In my bitchier moments I have been heard to say… “OpenID; brought to you by people who didn’t want to read the SAML spec”. I truly believe that the process of enhancing OpenID from supporting its original use cases to supporting a wide range of internet scale activities of varying values will eventually see OpenID evolve to be a fully compliant SAML definable profile.
So I have been asking myself; why has OpenID grabbed so much popularity while SAML, a much more mature, academically respected, ‘robust’ specification has been largely ignored by the cutting edge web 2.0 community…. an image came to me that I think might be profound, at least for me, and this blog seems like as good a place as any for me to try to get it out of my head.
I'm imaging a perfectly planned city… you bring together the best minds in social and urban planning and have them design and build the perfect city. Then you ask people to move to it… it’s big and empty and impersonal, its very perfection is off putting and intimidating. Meanwhile, just down the street there is a collection of mud huts with lots of people milling about, drinking beer and having fun. People are flocking to the village and it’s growing rapidly. The urban planners that built the city say; but don’t you see, you will need all the infrastructure that we have built in order to continue to thrive as a community, you’ll need police, medical and fire services, you’ll need schools and water pumping stations. But still people flock to the village to be part of growing something new and exciting. The villagers say; if we need police, someone will step up and become a police man, if there’s a fire we’ll get together and put it out. The inevitable outcome of the growth of the village seems to be a less well planned version of the planned city. It will, by inevitability, have many of the same features, some less well executed and some surprisingly better than the planned city.

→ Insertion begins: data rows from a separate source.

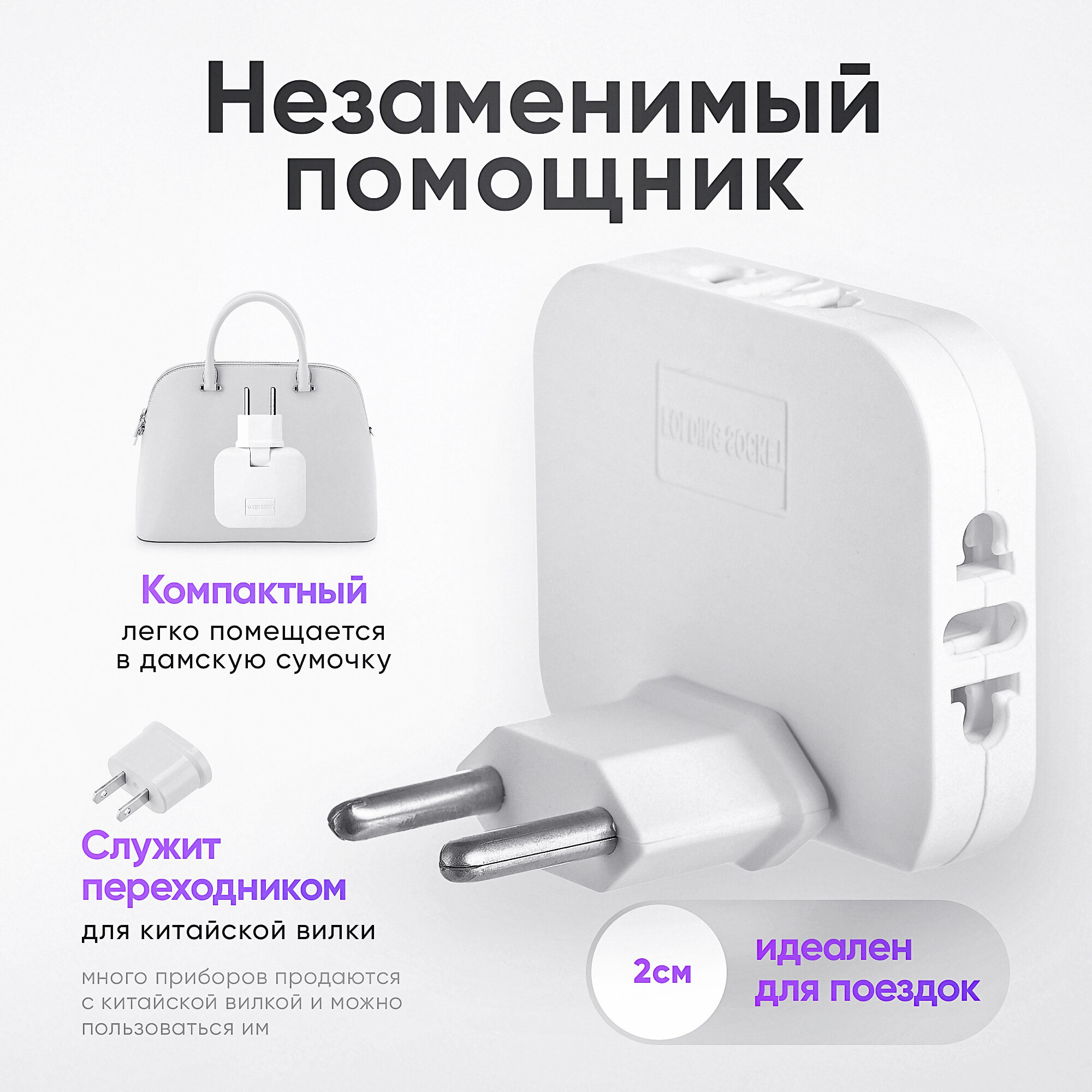 Адаптер сетевой на евровилку, евро розетку GSMIN Travel Adapter A34 переходник для американской, китайской вилки US/CN (250 В, 10А), 2шт (Белый)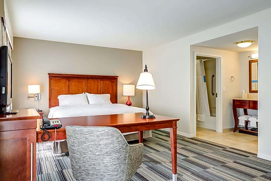 This room with 1 king bed has barrier-free space and features lowered amenities for accessibility purposes.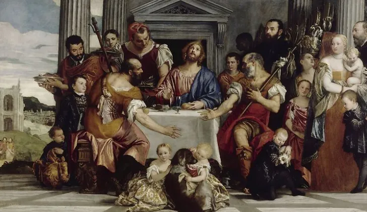Œuvre de : Véronèse Hauteur de l’original : 241,00 cm Largeur de l’original : 415,00 cm Période : période moderne – Renaissance, 16e siècle Technique : huile sur toile Véronèse – Les Pèlerins d’Emmaüs – huile sur toile Photo © RMN-Grand Palais (musée du Louvre)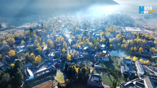 在云南腾冲银杏村邀晨光共绘“冬日童话”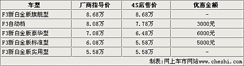 據(jù)比亞迪汽車4S店銷售人員表示,比亞迪F3本次降價的旗艦型和實用型都沒有車,而且無法接受預訂。不過標準型、豪華型和自動擋車型目前都有較大的優(yōu)惠幅度,其中豪華型和標準型分別可以優(yōu)惠6000元和5000元。而F3自動擋因為現(xiàn)車比較少,目前的優(yōu)惠幅度只有3000元。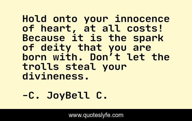This page presents the quote "Hold onto your innocence of heart, at all costs! Because it is the spark of deity that you are born with. Don’t let the trolls steal your divineness.". Author of this quote is C. JoyBell C.. This quote is about warnings, advice, deity-of-soul, innocence-of-soul, divineness, the-nature-of-innocence, innocence, trolls, guidance,.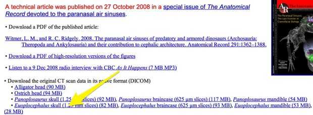 Para los efectos de este ejemplo, estoy usando el Euoplocephalus cráneo de Witmer laboratorio en la Universidad de Ohio. Descárgalo aquí y descomprime el archivo .zip.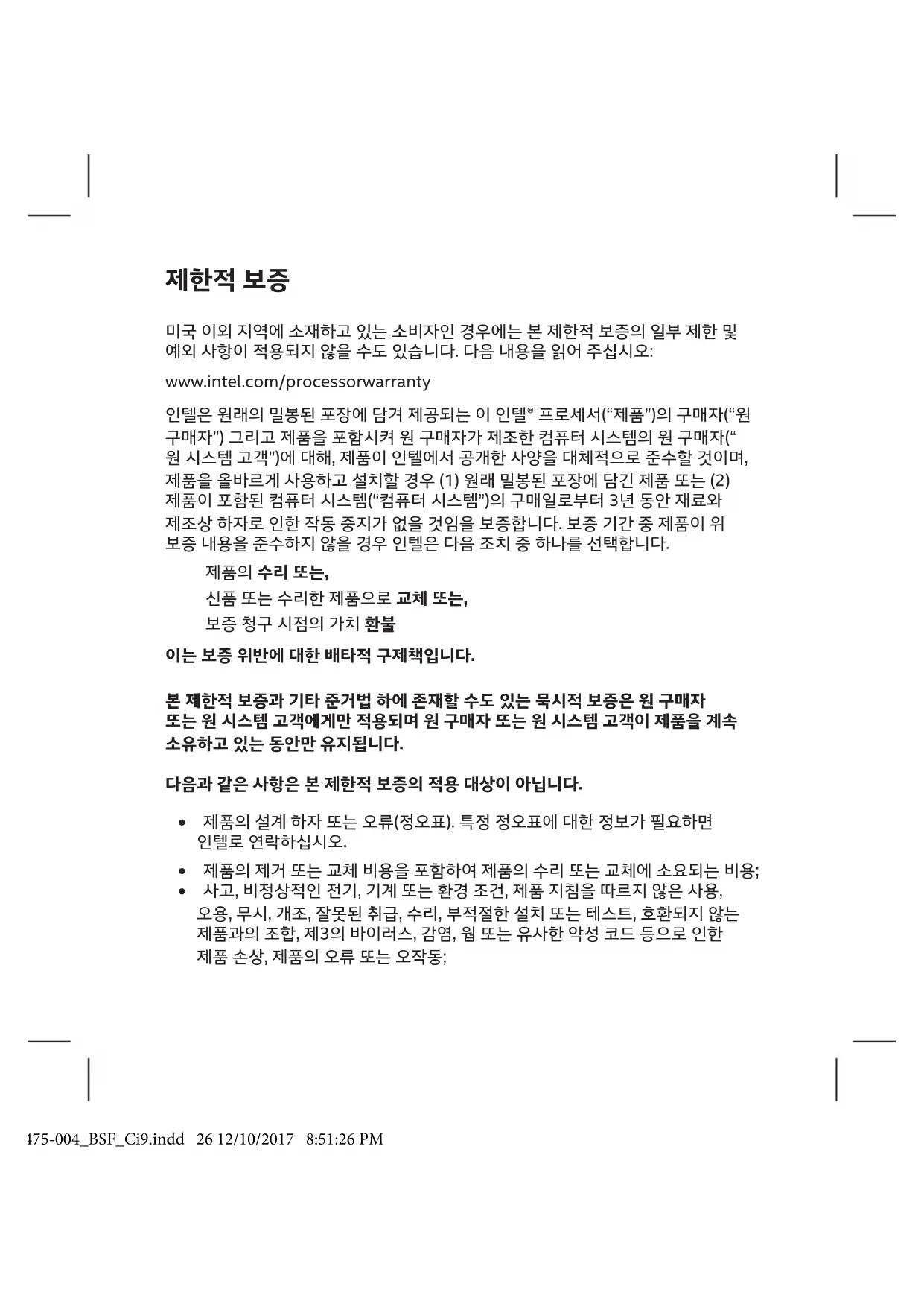 J61475-004_BSF_Ci9.indd 27 12/10/2017 8:51:26 PM보증 제한 및 예외 본 보증은 제품에 대한 다른 모든 보증과 표현에 우선합니다. 인텔은 다른 모든 명시적 보증과 이행 과정, 거래 과정 또는 상관습으로 인해 발생하는 여타의 보증을 모두 부인합니다. 상업성, 특정 목적에의 적합성 및 비침해에 대한 묵시적 보증을 포함하여 (이에 제한되지 않음) 일체의 묵시적 보증은 제한적 보증 기간 동안으로 제한됩니다. 해당 보증 기간 이후에는 보증이 적용되지 않습니다. 일부 주(또는 사법권)에서는 묵시적 보증의 배제와 기간에 대한 제한을 허용하지 않으므로 위 제한이 귀하에게 적용되지 않을 수도 있습니다.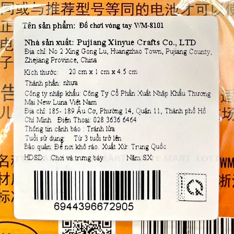 - Đồ Chơi Vòng Tay Họa Tiết Halloween WM-8101 là phụ kiện vui nhộn và thú vị để bạn thêm phần nổi bật trong các bữa tiệc Halloween hoặc sự kiện hóa trang. Với thiết kế độc đáo và màu sắc bắt mắt, sản phẩm này mang lại không khí lễ hội vui tươi.
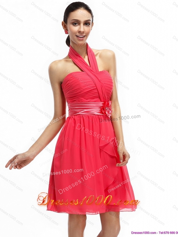 2015 Halter Top Prom Dresses with Ruching and Hand Made Flowers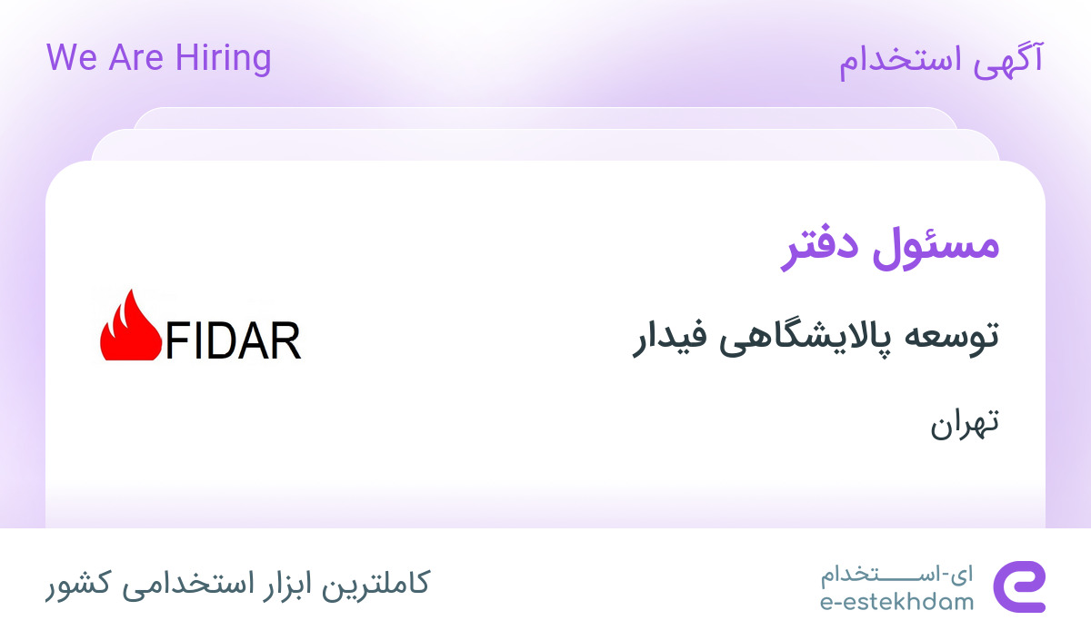 شرکت فیدار که با تکیه بر دانش بومی و توان داخلی فعالیت خود را در حوزه احداث مینی پالایشگاهها با احداث دو مینی پالایشگاه در سال 1399 آغاز نموده است، قصد دارد برای تکمیل کادر حرفه ای خود جهت افزایش ظرفیت فردی از افراد واجد شرایط در استان تهران دعوت به همکاری نماید.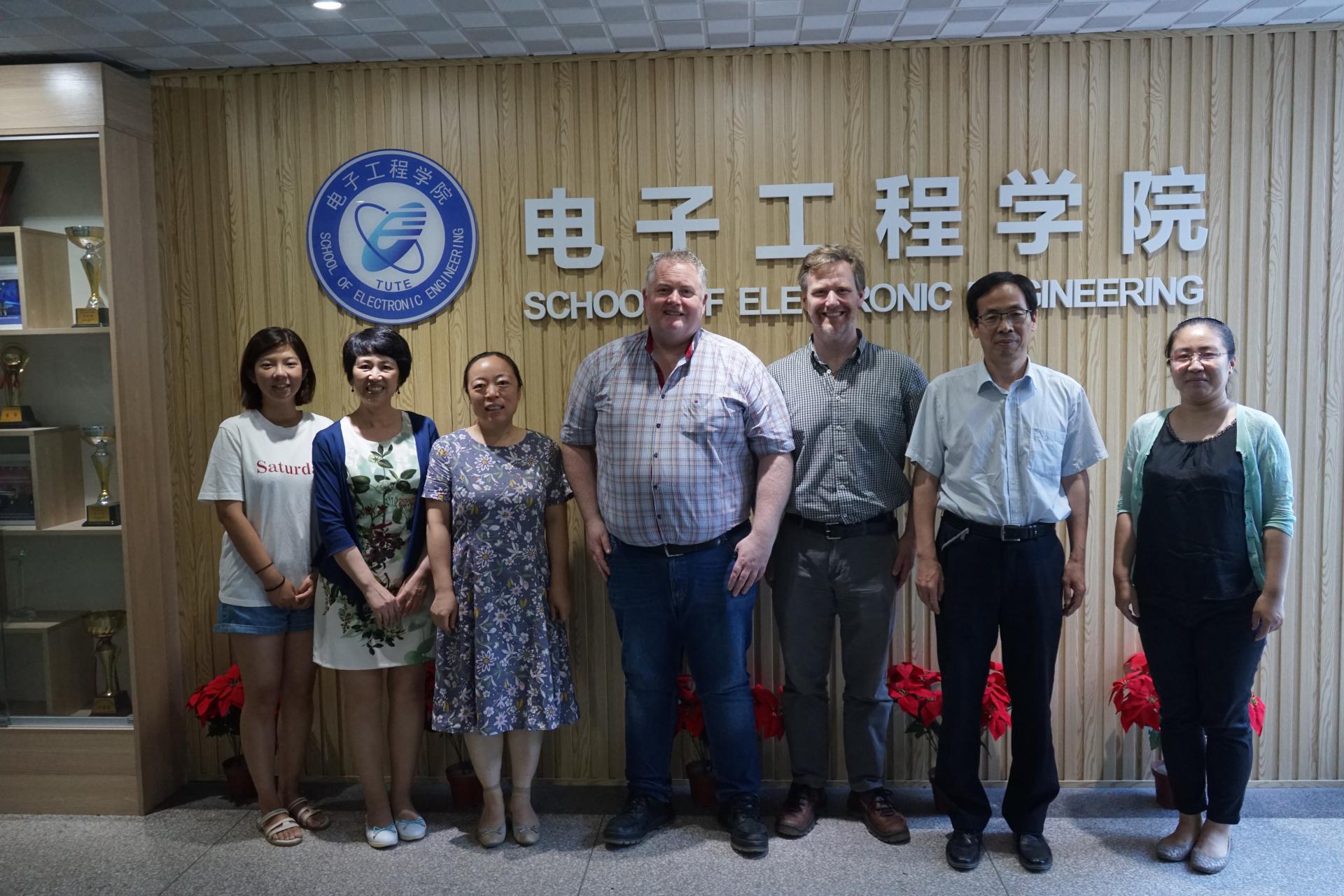 本网讯(通讯员 沈磊)6月23-29日,爱尔兰斯莱戈理工学院国际交流处处长Patrick Lynch一行三人到电子工程学院交流访问,并参加2019年校园开放日活动,推动合作办学专业的招生工作。副校长阎兵、国际交流处处长翟风杰、电子工程学院院长张军等会见来宾。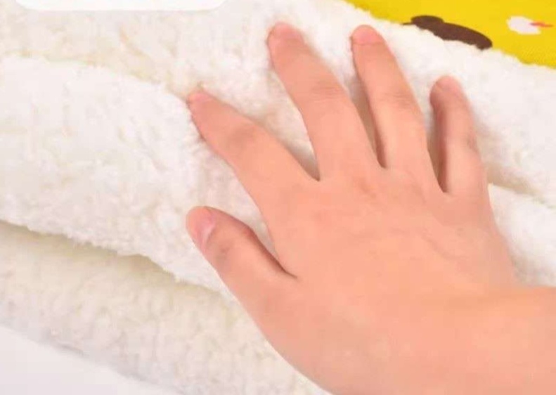 ふわふわで柔らかい羊毛フリースが使用され、優しい肌触りと保温性を実現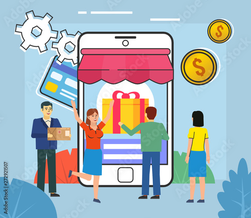 Vektorová ilustrace podnikatelů, kteří mění americké dolary na eura a naopak pomocí smartphonu. Koncept služby mobilní směnárny pro webový banner, webovou stránku atd.

To me, and maybe it’s just me, I know I would much rather be part of the village than move into the city. I might not want to re-invent the wheel but internet identity is a large complex and subtle system, like a city, it isn’t a wheel. Internet identity is going to have very organic qualities… I’m wondering if the growth, the evolution of the organic system isn’t the magic source that will actually humanize internet identity… I think it might be necessary that we start with simple organisms that can evolve, branch and each branch succeed or fail based on their efficacy in their ever changing environment. If two teams of engineers looked out over an early version earths eco-system and one designed ‘the perfect organism’ and the other designed an ameba capable of rapid reproduction and innovation which would you bet on for long time survival?
I’m not saying that the SAML community isn’t also receptive, open, innovating and evolving, they are. I repeat my original statement that I do think that SAML is more mature and ‘robust’ than OpenID… I’m simply trying to understand the juju that OpenID has (at least in my opinion).